**PROBLEM**. Taking the line with "Featuring ice-like quartz" as the first and the last line of the listing as the final one, please copy exactly those lines and no others, without pictures.
BEGIN GIVEN INFORMATION
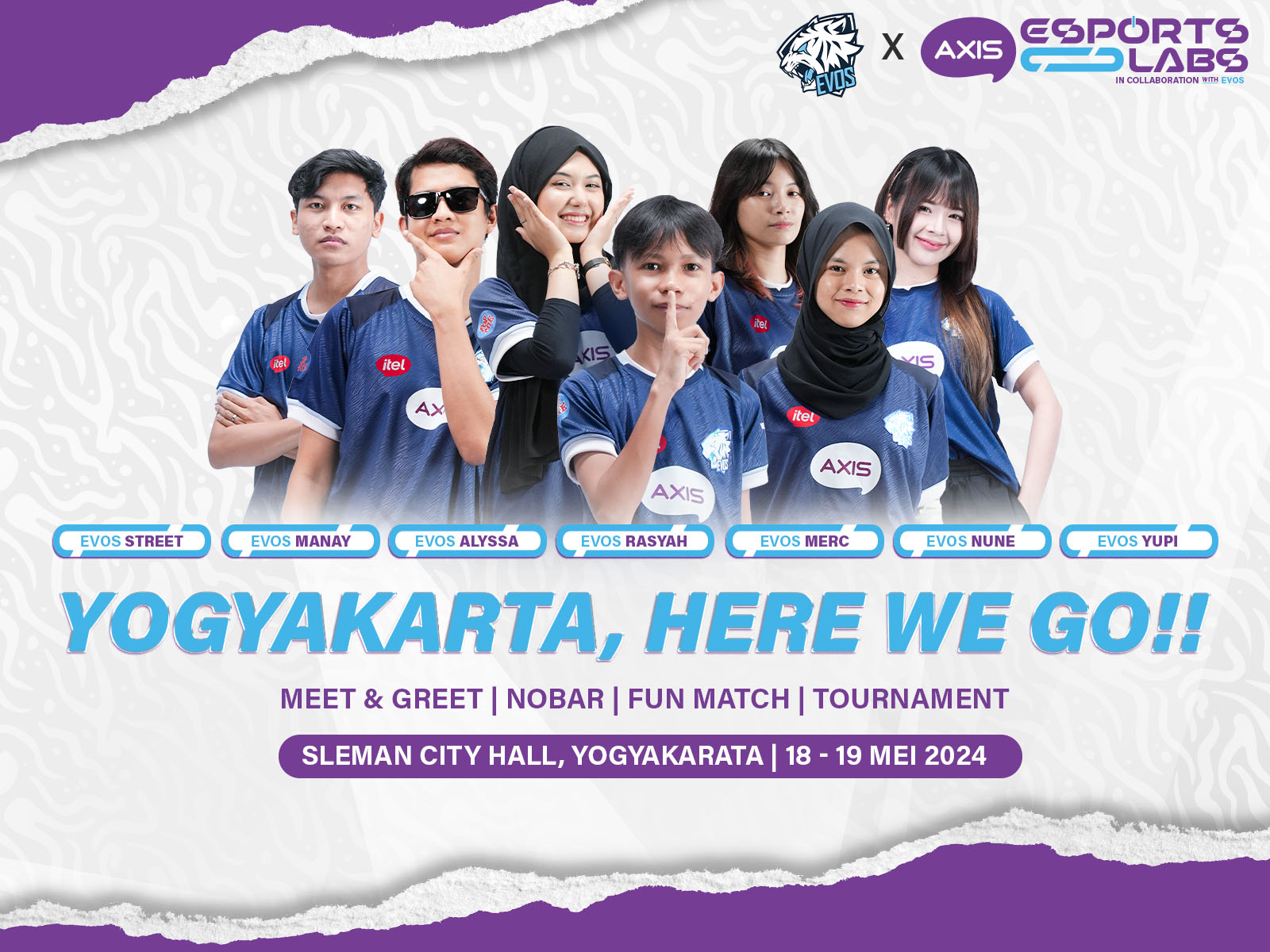 Pada perhelatan di bulan Mei ini, Yogyakarta dipilih oleh tim AXIS dan EVOS untuk menjangkau EVOS Fams dan pencinta esports yang ada di daerah D.I. Yogyakarta dan Jawa Tengah. AXIS Esports Labs Yogyakarta diadakan pada tanggal 18 dan 19 Mei 2024 berlokasi di Sleman City Hall, Yogyakarta dengan menyuguhkan serangkaian aktivitas yang mendekatkan pecinta gaming berkumpul bersatu mulai dari turnamen Mobile Legends dengan total hadiah mencapai Rp 30,000,000, Fun match & By 1 yang menawarkan kesempatan untuk memenangkan koleksi EVOS Goods, serta sesi meet & greet dan aktivitas tanda tangan eksklusif bersama Trio Booyah (EVOS Manay, EVOS Rasyah, EVOS Street), EVOS Alyssa, EVOS Yupi, EVOS Merc dan EVOS Nune.
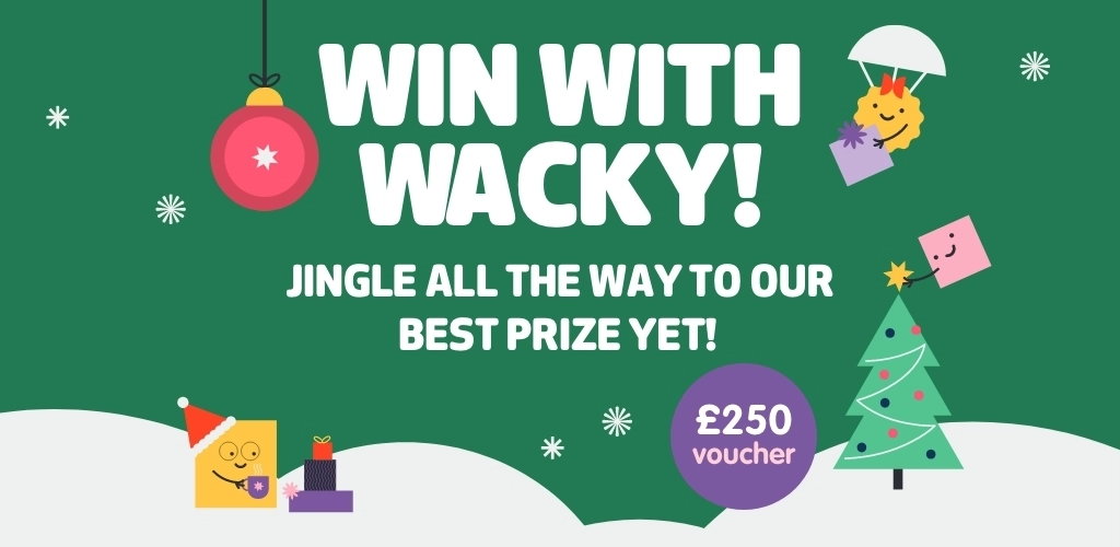Promotion open to UK residents only, aged 18+. To enter the competition entrants must visit the competition page at https://www.wackywarehouse.co.uk/christmas/competition and answer the question correctly and submit their details to be entered into the prize draw. Promotion closes at 23.59 on Monday 8th December 2025. Full terms and conditions are available at https://www.wackywarehouse.co.uk/christmas/competition. Promoter: Greene King Brewing and Retailing Ltd, Sunrise House, Ninth Avenue, Burton upon Trent DE14 3JZ.
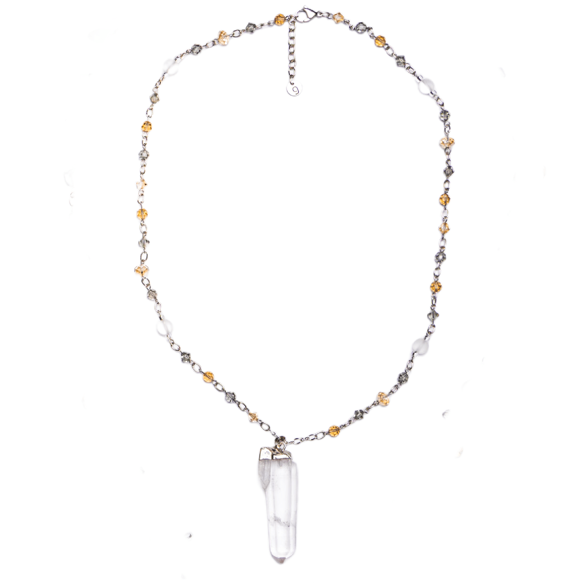 Featuring ice-like quartz pendants and quartz gemstones paired with Swarovski® crystals, chosen for their crystalline clarity and natural luminosity. Together, they evoke frozen fjords, glacial formations, and the subtle shimmer of light reflecting across ice — elemental, still, and breathtakingly serene.
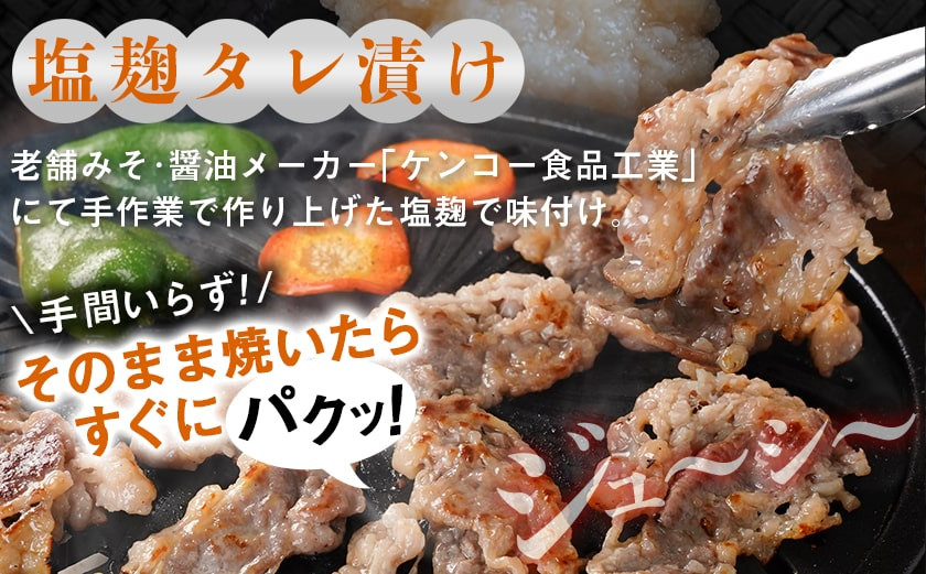 都城市にある創業50年を迎えるみそ・醤油メーカー「ケンコー食品工業」にて手作業で作り上げた塩麹で味付けしているので、「焼くだけ」の簡単調理で美味しく召し上がれます。塩麹で下味処理済なので、冷凍庫にストックしているととても重宝します。
END GIVEN INFORMATION
**SOLUTION FOR THIS PROBLEM**.
 Featuring ice-like quartz pendants and quartz gemstones paired with Swarovski® crystals, chosen for their crystalline clarity and natural luminosity. Together, they evoke frozen fjords, glacial formations, and the subtle shimmer of light reflecting across ice — elemental, still, and breathtakingly serene.
 都城市にある創業50年を迎えるみそ・醤油メーカー「ケンコー食品工業」にて手作業で作り上げた塩麹で味付けしているので、「焼くだけ」の簡単調理で美味しく召し上がれます。塩麹で下味処理済なので、冷凍庫にストックしているととても重宝します。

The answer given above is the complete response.